PhysicsX announced a $300 million Series C on June 9, led by Temasek and backed by M&G Investments, Intrepid Growth Partners, and existing investors including NVIDIA, Siemens, Applied Materials, Atomico, General Catalyst, July Fund, NGP, and Radius. The round was oversubscribed and values the London-based company at approximately $2.4 billion. PhysicsX builds AI models that predict physical behavior — fluid flow, structural stress, electromagnetic response — in seconds rather than the hours or days a conventional finite-element simulation takes. The company reported doubling year-over-year recognized revenue, tripling booked revenue, and more than doubling its customer count over the past year. Headcount has also doubled in twelve months, to more than 300 people.
The proceeds will fund international expansion, platform development, and what PhysicsX calls Large Physics Models — pre-trained foundation models for physics that follow the same scaling pattern that worked for language. The pitch to customers is concrete: engineering teams can evaluate orders of magnitude more design variants per project, then carry that physics intuition all the way into real-time digital twins running on equipment in the field. Existing deployments span aerospace, automotive, energy, and semiconductor manufacturing — domains where a single prototype iteration costs millions and weeks.
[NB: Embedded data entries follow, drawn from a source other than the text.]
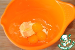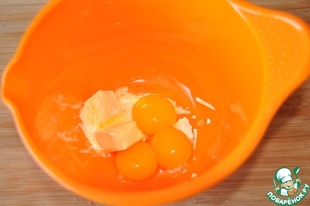 • В третью миску кладём желтки и подтаявшее сливочное масло.
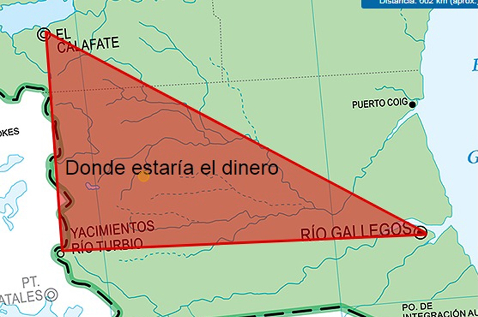 Lamadrid afirma que "este dinero está enterrado tal como lo hizo alguna vez Pablo Escobar o las Farc. Este dinero según las investigaciones que denuncié en la justicia y lo escribí en el libro está enterrado. Recordemos las bóvedas y los fajos termosellados, se ideó todo un mecanismo para que esta plata en efectivo no sufgra deterioro. Y siguió: "según pude investigar este montón de plata está en un área que está delimitada en un triángulo que está formado por Rio Gallegos a Río Turbio y el Calafate. Se trata de cinco estancias que denuncié en la Justicia hace años. Ahora sale lo de los cuadernos pero no se vincula con mi invenstigación. Esto no es casual. Si vemos las personas que deberán presentar declaración entre ellas está el juez Oyarbide. Esto quiere decir que el mecanismo es tan grande y perverso que si el juez no puede aplicar castigo termina uniéndose al culpable".
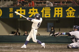 立命有利かと思われたが、4連覇を目指す同大が王者の意地を見せる。圧巻は5回。立命2番手の井奥(2・報徳学園)を攻め立て一死満塁の好機を作ると、今季打撃好調の川越(4・佐賀西)が二打席連続となる適時三塁打を放ち同点に追いつく。その回、救援投手の國正(2・茅ヶ崎北陵)の二塁打などで一挙5点を奪い逆転に成功する。

Vertical AI funding has been the strongest pocket of the 2026 startup market. Investors have grown skeptical of horizontal wrapper companies and chat-shaped products that compete head-on with frontier labs, but they keep writing nine-figure checks for teams that pair AI with deep domain physics, chemistry, or biology. PhysicsX's round lands in the same week that PointFive raised $60M for AI cost optimization and A Security raised $37M for autonomous cyber agents — different verticals, same thesis: take a specific industrial problem, apply AI where the data and the math actually constrain the answer, and the unit economics work.
A note for learners: when you hear 'foundation model,' the default association is language — GPT, Claude, Gemini. PhysicsX is a reminder that the same pre-training recipe works on any data with structure and scale. Weather, protein folding, circuit design, fluid dynamics — these are all domains where 'one big model trained on a lot of relevant data' is starting to beat hand-tuned per-problem solvers. If you're choosing what to study, the bottleneck in physics AI right now is not ML expertise. It's people who understand both the math of a domain and how to feed it into a training loop.